That said, I wouldn't underestimate what is possible. I've seen
some absolutely amazing mathematical programming happen, when the
timing is right and there is sufficient will power.
William
I haven't had the chance yet to either implement it or use Gregory Bard's
implementation. However he gives some benchmarks in his papers. Also he
claims to provide very accurate complexity estimations.
> > By the way, you mention that only Karatsuba is used for multiplying
> > integers. What did you have in mind to use? FFT really only kicks in
> > for numbers of a few thousand digits or so, I think.
>
> I was referring to polynomial multiplication. PARI only knows
> karatsuba for polynomials (unlike NTL which knows several FFT variants).
Ah, now I see. That is useful information.

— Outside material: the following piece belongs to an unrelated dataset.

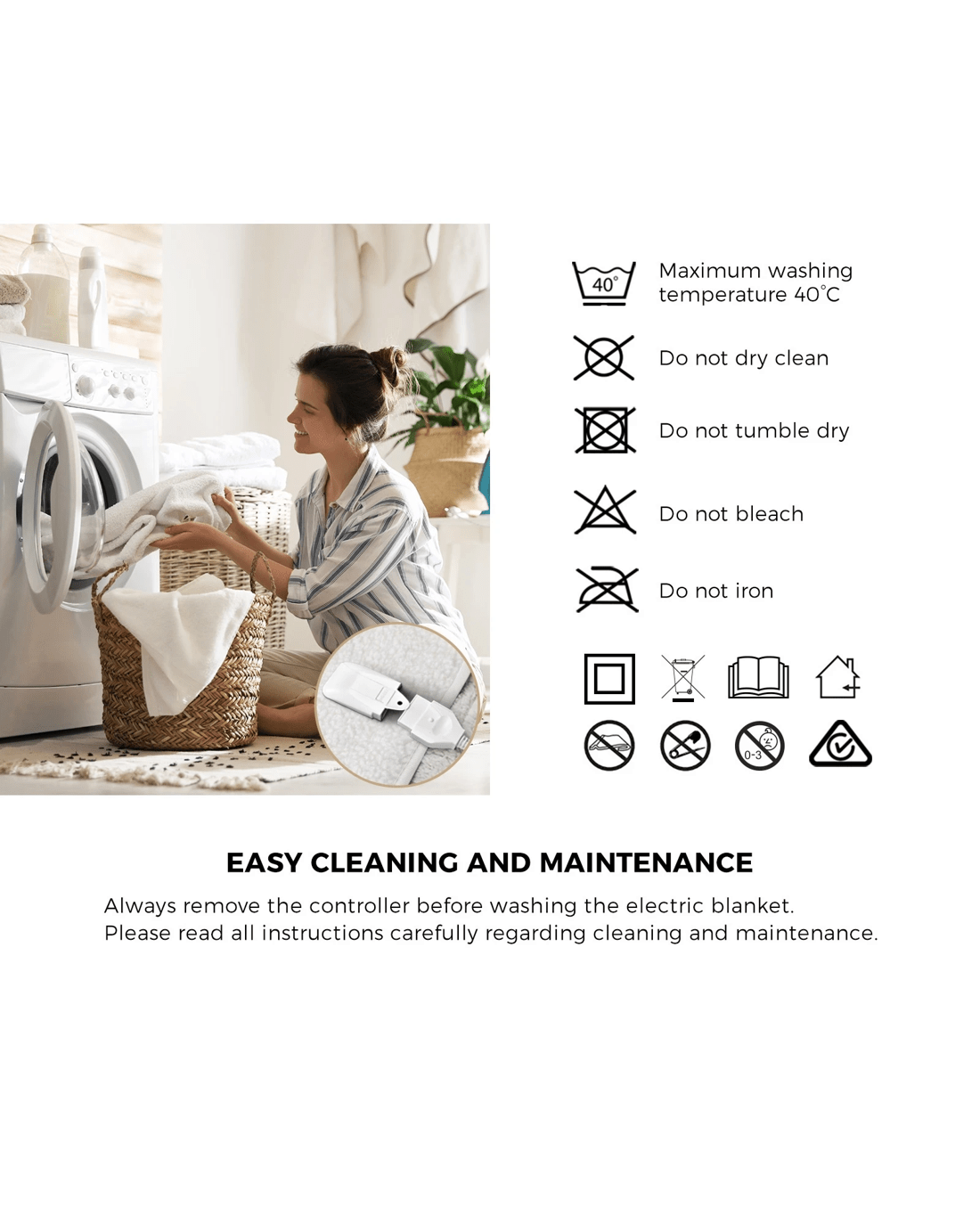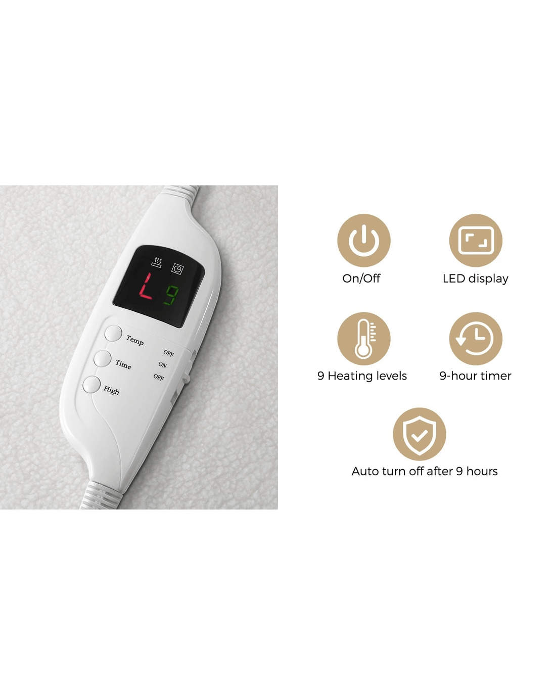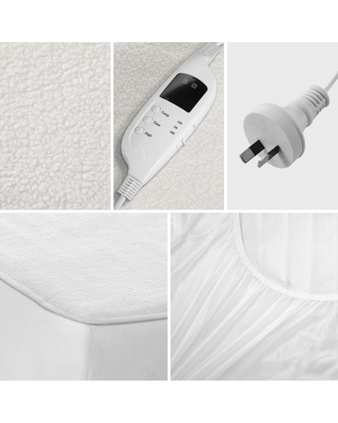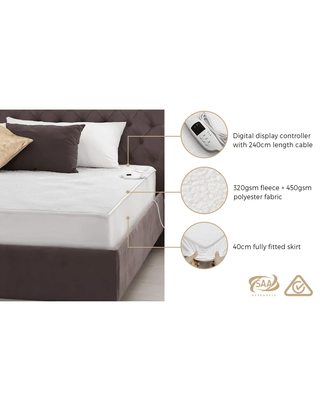 Bedra Bedding Electric Blanket Washable Fleece Heated Fully Fitted Winter Pad Queen - Queen Bed - White

> I did some benchmarks of ZZ_X multiplication against MAGMA. It's
> really fast when the coefficients are small and the degree is huge,
> maybe 1.5x slower than MAGMA when the coefficients are huge and the
> degree is small, and it has real overhead problems when both are
> small. (MAGMA would be 5-10x faster in this last case.) You can see
> some results at:
>
> http://sage.math.washington.edu:9001/DavidHarvey/TimingExperiments
Great!! That will be very useful as a guide when I'm implementing this
library.
I can see where a factor of 2 goes in NTL at the low end, and obviously
Pari doesn't have any decent algorithms at the top end. We'll see what
else I can find when I actually do the implementation. I don't expect
to find more than the factor of 2 at the bottom end. The Z mod nZ
library stands to gain more at the low end.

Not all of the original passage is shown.